1403 ethernet-innovation coverEthernet’s success in the marketplace is undeniable, and market-driven standardization has been instrumental in its success. It’s a cycle of synergistic innovation and market growth that has been spinning for decades. Ethernet has become entwined with almost every pattern and process of every-day life around the world. Whether a personal computer (PC) has a direct connection to a router or an indirect connection through a “Wi-Fi®” access point, it is highly likely that Ethernet is providing the connection to the Internet.

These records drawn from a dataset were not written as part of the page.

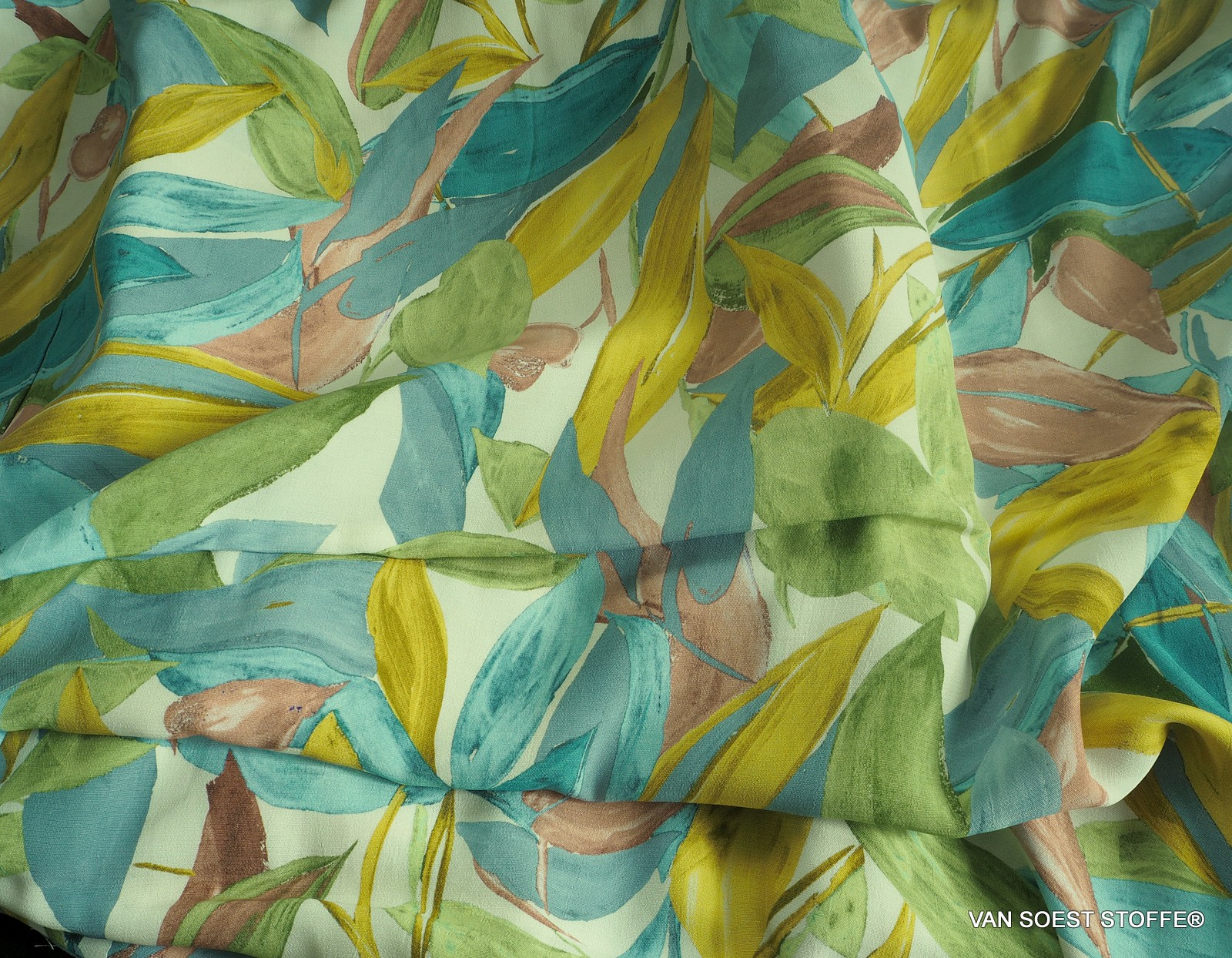 Art. Nr.: 2153 - bunter Fascination Blätterprint auf Viskose Crepe
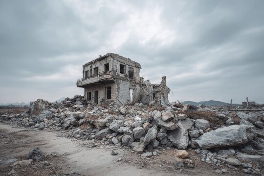 Destroyed building standing in war-torn urban landscape under cloudy sky
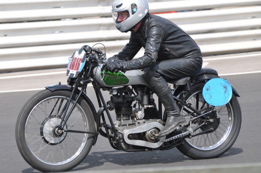 A 1934 New Imperial GP in action at Mallory Park as part of the 2011 Festival of 1000 Bikes.
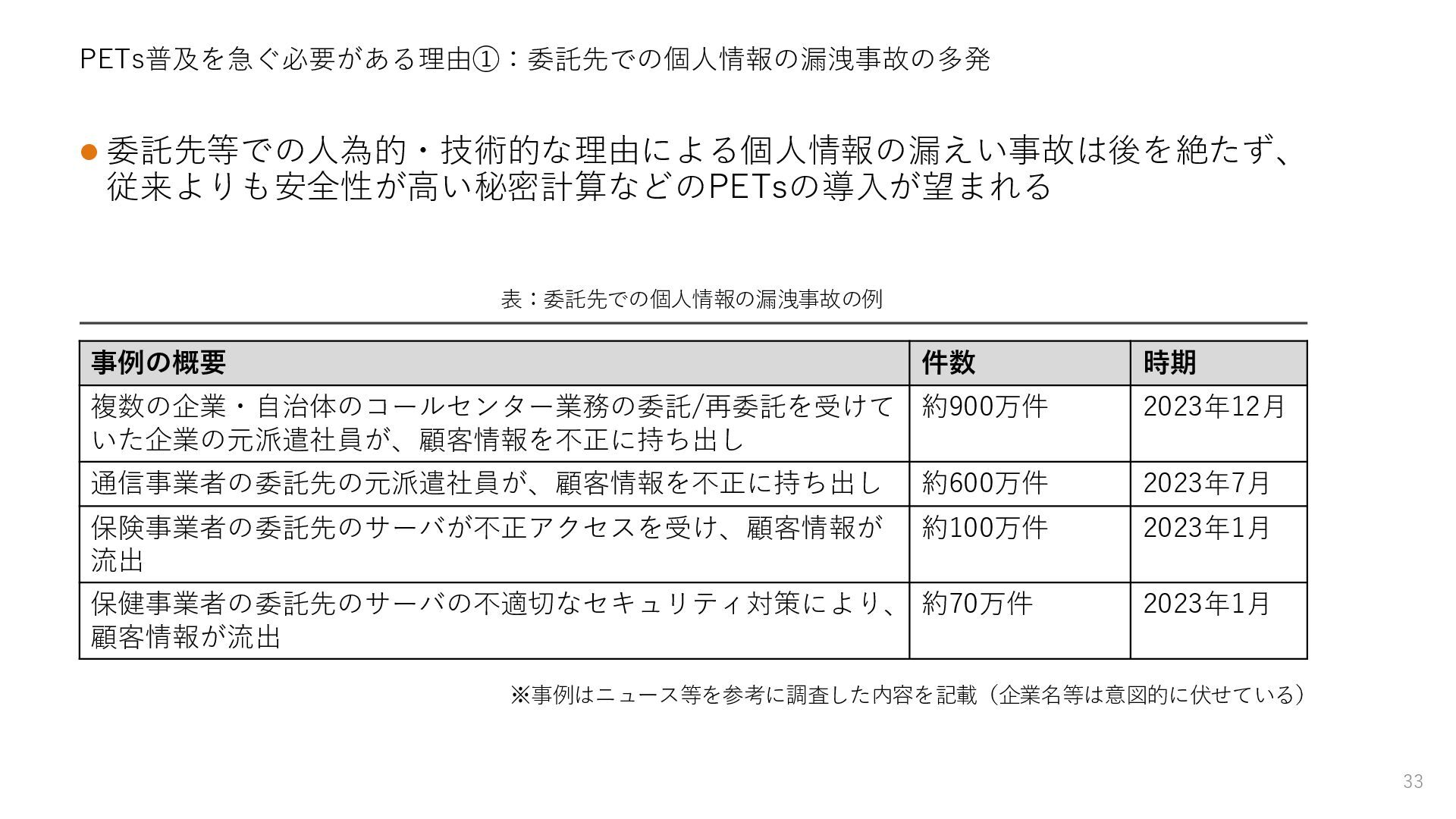 22. PETs普及を急ぐ必要がある理由①:委託先での個人情報の漏洩事故の多発 ⚫ 委託先等での人為的・技術的な理由による個人情報の漏えい事故は後を絶たず、 従来よりも安全性が高い秘密計算などのPETsの導入が望まれる 33 事例の概要 件数 時期 複数の企業・自治体のコールセンター業務の委託/再委託を受けて いた企業の元派遣社員が、顧客情報を不正に持ち出し
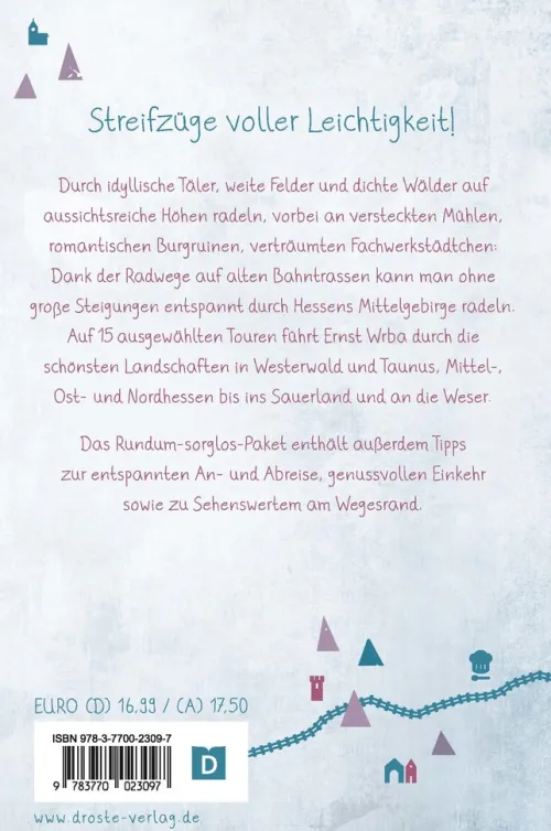 Durch idyllische Täler, weite Felder und dichte Wälder auf aussichtsreiche Höhen radeln, vorbei an versteckten Mühlen, romantischen Burgruinen, verträumten Fachwerkstädtchen dank der Radwege auf alten Bahntrassen kann man ohne große Steigungen entspannt durch die Mittelgebirge in Hessen radeln. Auf 15 ausgewählten Touren führt Ernst Wrba durch die schönsten Landschaften in Westerwald und Taunus, Mittel- und Nordhessen bis ins Sauerland und an die Weser.
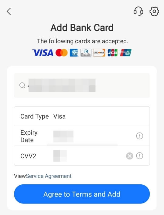 カードの有効期限、セキュリティーコード(CVV2)を入力します。入力したらAgree to Terms and Add(規約に同意して登録)をタップします。
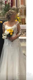Bellissimo abito da sposa, sirena con maniche e schiena pizzo e velo, TG 44, già pulito, usato solo 5 ore, matrimonio in covid 2021, con giubbino in pelliccia, e ombrello bianco stampa pizzo nuovo. Consegna a Trieste.

In one way or another, Ethernet networks are used in, or in support of, data centers, PCs, laptops, tablets, smartphones and now, power infrastructure and smart meters, personal medical devices, the Internet of Things, connected cars and a sprawling array of established and emerging technologies. The Internet, Wi-Fi, Big Data, cloud computing, in-vehicle networking and infotainment, the smart grid, computer gaming, eHealth and numerous other high-tech applications all are supported by Ethernet—oftentimes, imperceptibly so.

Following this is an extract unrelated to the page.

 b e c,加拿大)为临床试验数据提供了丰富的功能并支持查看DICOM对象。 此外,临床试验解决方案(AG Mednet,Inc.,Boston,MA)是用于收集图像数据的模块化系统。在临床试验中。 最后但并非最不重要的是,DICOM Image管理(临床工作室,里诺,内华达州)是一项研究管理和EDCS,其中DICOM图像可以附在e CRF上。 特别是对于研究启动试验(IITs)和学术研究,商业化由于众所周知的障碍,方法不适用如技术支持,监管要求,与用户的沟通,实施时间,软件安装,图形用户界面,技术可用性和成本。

As Bob Metcalfe, Ethernet co-inventor and now Professor of Innovation at The University of Texas at Austin, described at the Ethernet Alliance blog in August 2013: “Ethernet began as a very high-speed packet-switching local area network (LAN) for extending the Internet into buildings to reach personal computers and their servers.
However, Ethernet has been evolving and re-invented for some 40 years, making it so much more than just a networking technology or a means for connecting computers together. At its heart, Ethernet is a brand—an innovation brand. Brands make promises, so it’s entirely appropriate to ask what promises Ethernet makes … such as the promise of openness, interoperability, and higher speeds at lower costs. Ethernet’s promises also come in the form of open (de) jure standards; owned rather than open source implementations; and fierce competition but interoperability among competing products. It also means preservation and backward compatibility with the installed base and the rapid evolution of IEEE standards based on market engagement. Long live Ethernet!” [1]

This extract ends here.